The prime minister’s desire to stay in power at all costs has slowly bled into the ranks of not only his party, but large swathes of the right-leaning electorate and its representatives in the government. Over the course of Netanyahu’s latest tenure as prime minister, a zero-sum mentality has become deeply entrenched on parts of the right, imagining the return of the left to power as an ungodly nightmare liable to threaten everything his party and its allies have accomplished since his return to power, with a heavy emphasis on the status and entrenchment of the settlements. Furthermore, the cult of personality that has sprung up and been cultivated by the prime minister and his most loyal followers — a phenomenon that now, depressingly, appears in many countries in which populism has entered mainstream political discourse—has created a situation in which even opposition to the most distasteful acts committed by Netanyahu or his family members are met with outright hostility.

And yet, even within the ranks of the ruling party, there is apprehension regarding this behavior: a number of Likud MKs voiced their opposition to the Supermarket Law, going to far as to abstain and vote against it, leading to threats by David Amsalem, now coalition chairman, to have MK Sharren Haskel removed from the Knesset. While the threats quickly came to nothing, the mere spectacle of watching Likud members harassed for entertaining the notion of voting against the party line puts on display the demands of absolute loyalty that have become a requisite for working in such an environment. Of course, there are already ugly precedents regarding this type of behavior: Benny Begin, long a member of Likud’s more traditional wing, has been vilified over the last few years due to his staunch opposition to laws that he believes target democratic norms, culminating in his recent removal from the Internal Affairs panel for speaking out against a law that would protect Netanyahu from police investigations. MK Ofir Akunis, hardly a bleeding-heart leftist, along with fellow MK Gila Gamliel and local party authorities have worriedly opined that the law is liable to damage the party in the eyes of its secular constituents, who may view such bills as acquiescing to religious fundamentalists and seek out parties to the left of Likud more adamant about safeguarding the interests of the secular majority.
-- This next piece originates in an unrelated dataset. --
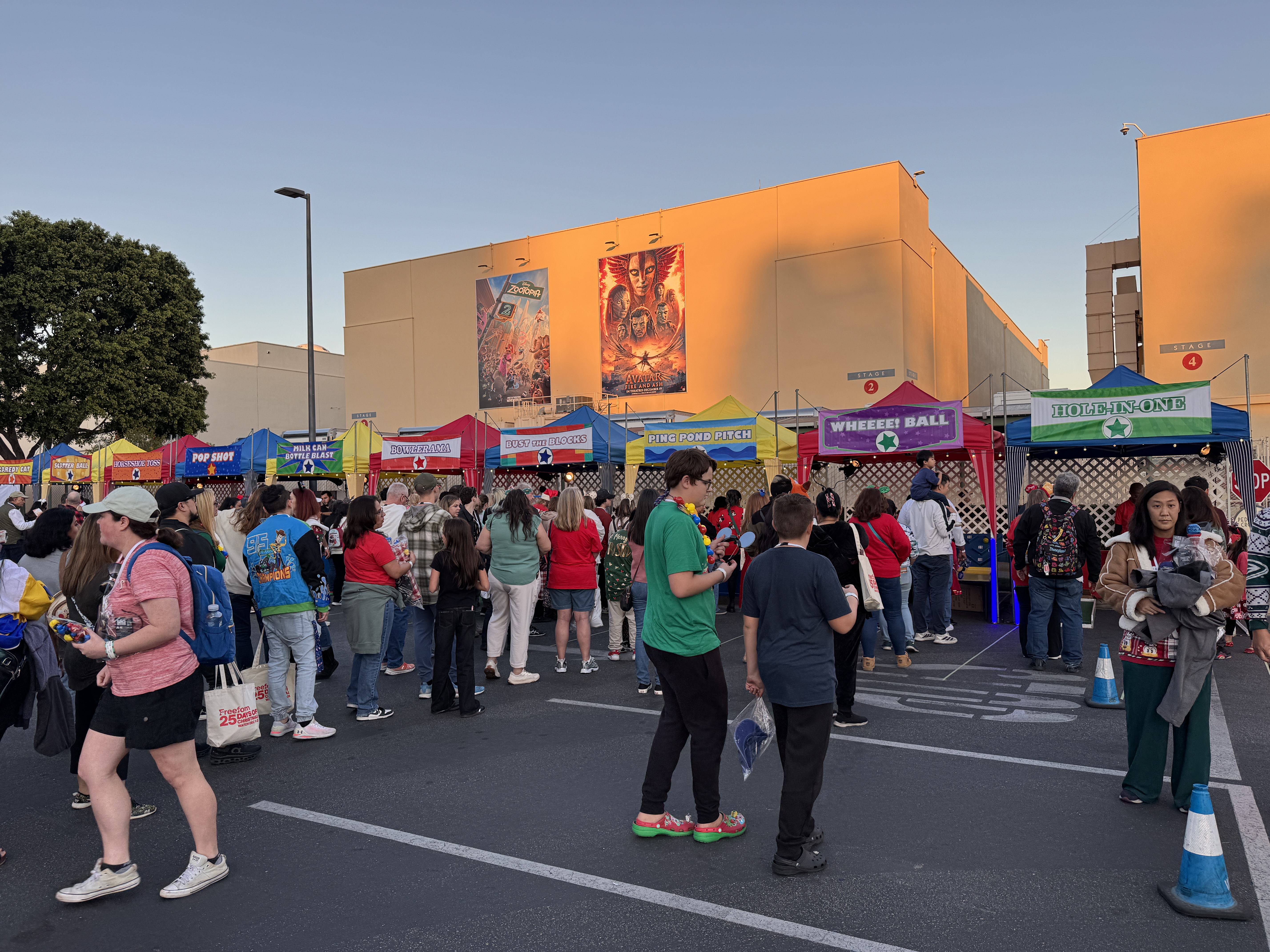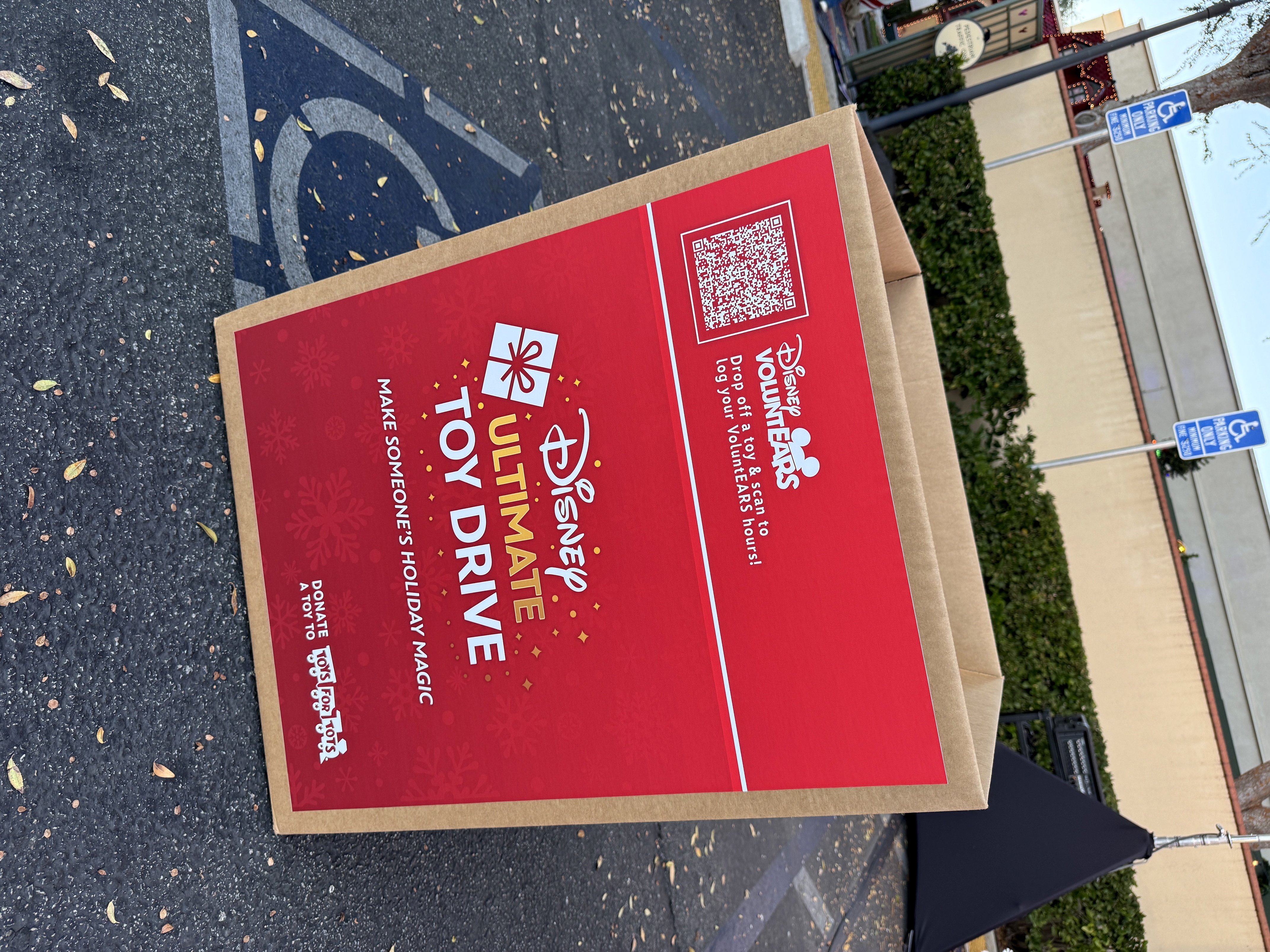 Here's a look at another backdrop photo op that doubled as a performance stage, a box for the Disney Ultimate Toy Drive presented in partnership with Toys for Tots, and a row of carnival-style games available to guests.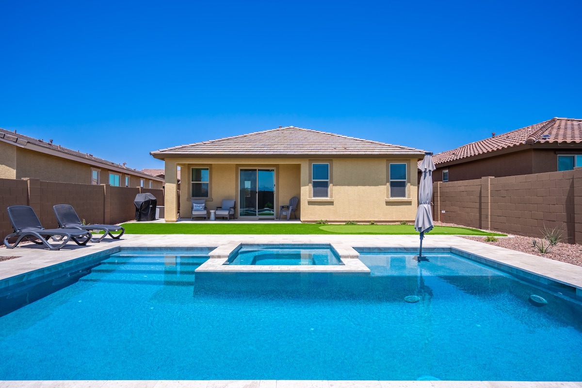 Easy walk to Statefarm and Desert Diamond Arena. Closest house to stadiums. Also located near Westgate Entertaiment District, Free Heated Pool, Hot Tub, Outdoor Kitchen Short walk to Statefarm Stadium, Desert Diamond Arena, Less than 5 minute drive to Top Golf, PopStroke, Andrettti Racing Karts, Chicken and Pickle. Less than 20 minute drive to several SpringTraining Facilities. 5 Full service Golf Courses within 15 minutes Heated Pool (please ask about heat prior to check in), covered patio a

Despite these warnings, the coalition plowed forward, delivering a narrow victory by just one vote. If there is any indication that such laws might have adverse in even the near future with possible elections on the horizon, the prime minister and his close allies did not seem outwardly perturbed.

These decisions yield short-term gains and may keep the coalition afloat for the time being, but they will undoubtedly have ramifications, both now and in the long-term, which are likely to be felt on a multitude of fronts, not least for Likud’s viability in future elections. The cynically crafted legislation that has become a routine fixture in the Knesset since 2009 cannot help but chip away at the state’s democratic institutions, even if such bills were merely conceived in the service of garnering future votes. This latest wave, while particularly noxious, is not the first of its kind, and, given the party’s trajectory and increasingly unscrupulous behavior, unlikely to be the last. In clinging to power at any cost, Netanyahu and his cohorts are endangering Israel’s democratic foundations, its standing in the world, and most importantly its security. That danger may not seem apparent when it takes the form of often ridiculous headlines, but it is there, nonetheless, slowly creeping towards the fore.